Edited by: Committee for Justice
Geneva: February 24, 2021
The Executive Director of Committee for Justice (CFJ), Ahmed Mefreh, spoke through a series of seminars organized by the Brookings Doha Institute and the Arab Reform Initiative, on the role of the diaspora in transitional justice in the Middle East and North Africa.
New tactics and mobility:
Mefreh said in his speech delivered online due to COVID precautionary measures, that the reason why he and other human rights defenders decided to pursue transitional justice and accountability from the diaspora is that there are better methods and opportunities to work abroad, and there is a possibility to work, there is a convenience to work, the ability to save and document information and data in a secure place outside the state borders far from the hands of the security authorities, and the ability to move and advocate for the cause to help the victims of injustice in Egypt.
“There is currently no way to practice transitional justice because it has not been implemented yet, we are still in the preparation stage, we try to work professionally and to take lessons and learn from different experiences, in order to reach the best methods and mechanisms that allow us to document and preserve violations so that we can open these files again at any stage of transitional justice which could one day serve as the foundation for a movement toward accountability in Egypt. The whole point is to learn from the past and prepare ourselves for the future,” Mefreh said.
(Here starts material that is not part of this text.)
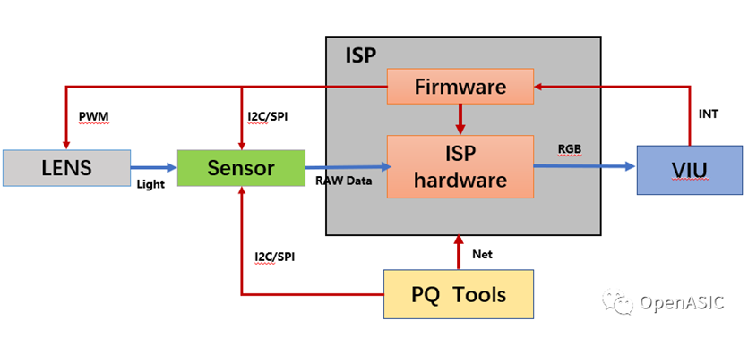 下图[2]展示了一个标准的相机系统结构。它通常包含相机镜头模组 (LENS) /光学系统,图像传感器 (Sensor),图像信号处理器 (ISP) 以及配套的软件工具,如图像质量调优工具 (PQ Tools)。

Mefreh also pointed out that when we build partnerships regarding the issue of working on transitional justice, we look mainly at examples that are closest to the Egyptian case, as the Egyptian situation is closer to the case of military dictatorships in South America and Eastern Europe, and these are the models that we look at and draw inspiration from the experience that human rights defenders lived at the time, bearing in mind that we are working at the present time.
Difficulties facing defenders in the diaspora:
Regarding the difficulties facing the advocates of transitional justice in the diaspora, Mefreh started with difficulties on the personal level, explaining that life in the diaspora differs from life in the homeland. Human rights defenders go through tough experiences and challenges. He added that the other difficulty is the security situation inside the country, “because we are not separate from the situation inside Egypt, because the more severe the situation inside the country, the more it affects work abroad, for example, the more severe the repression, the more the teams are unable to move, and this of course affects the work in one way or another.”
“This is in addition to the revenge operations taken by the regime on the families and relatives of human rights defenders at home, and also by attacking the human rights defenders abroad in different countries by different methods such as blackmailing, and submitting security reports against them to the western countries they live in an attempt to reduce their movement within those countries.”
The impact of diaspora activities on the ground:
Regarding the impact of diaspora activities on the ground, the Executive Director of the CFJ said that had it not been for the presence of Egyptians abroad and effort of the diaspora community and the continuation of a few organizations inside the country to work, move and face security oppression, the Sisi regime would have become perceived as the best human rights system in the world. “We clarify the truth and convey the voice of the victims to all concerned parties that take it into account, especially independent human rights organizations. The human rights file is the only file in which the Egyptian regime is pressured by now,” he added.
Creating mechanisms to document violations:
Regarding the mechanisms used to document human rights violations in Egypt and used by CFJ, Mefreh explained that the challenge of defending rights in Egypt made it necessary to establish mechanisms to document and verify human rights violations.
“This is why CFJ established the Detention Watch Project, which examines violations inside prisons and the judicial system, as well as Trial Watch Project, which analyzes the various stages of the trial according to the available documents, with the aim of submitting periodic reports on the ongoing patterns of violations against the defendants, in order to contribute to the creation of a more just judicial system and a more humane penal system in Egypt,” he added
He continued: “Our latest report ‘The Giulio Regenis of Egypt Since 2013’ which tracks deaths inside Egyptian prisons, documented 1,058 death cases in detention centers in Egypt during the period from June 2013 to October 2020.”
Mefreh noted that CFJ also launched the Justice Watch Archive to document and verify human rights violations. Through it, CFJ seeks to enable human rights defenders in Egypt and the international community to directly access data, information, and documents so that they can best perform their assigned roles.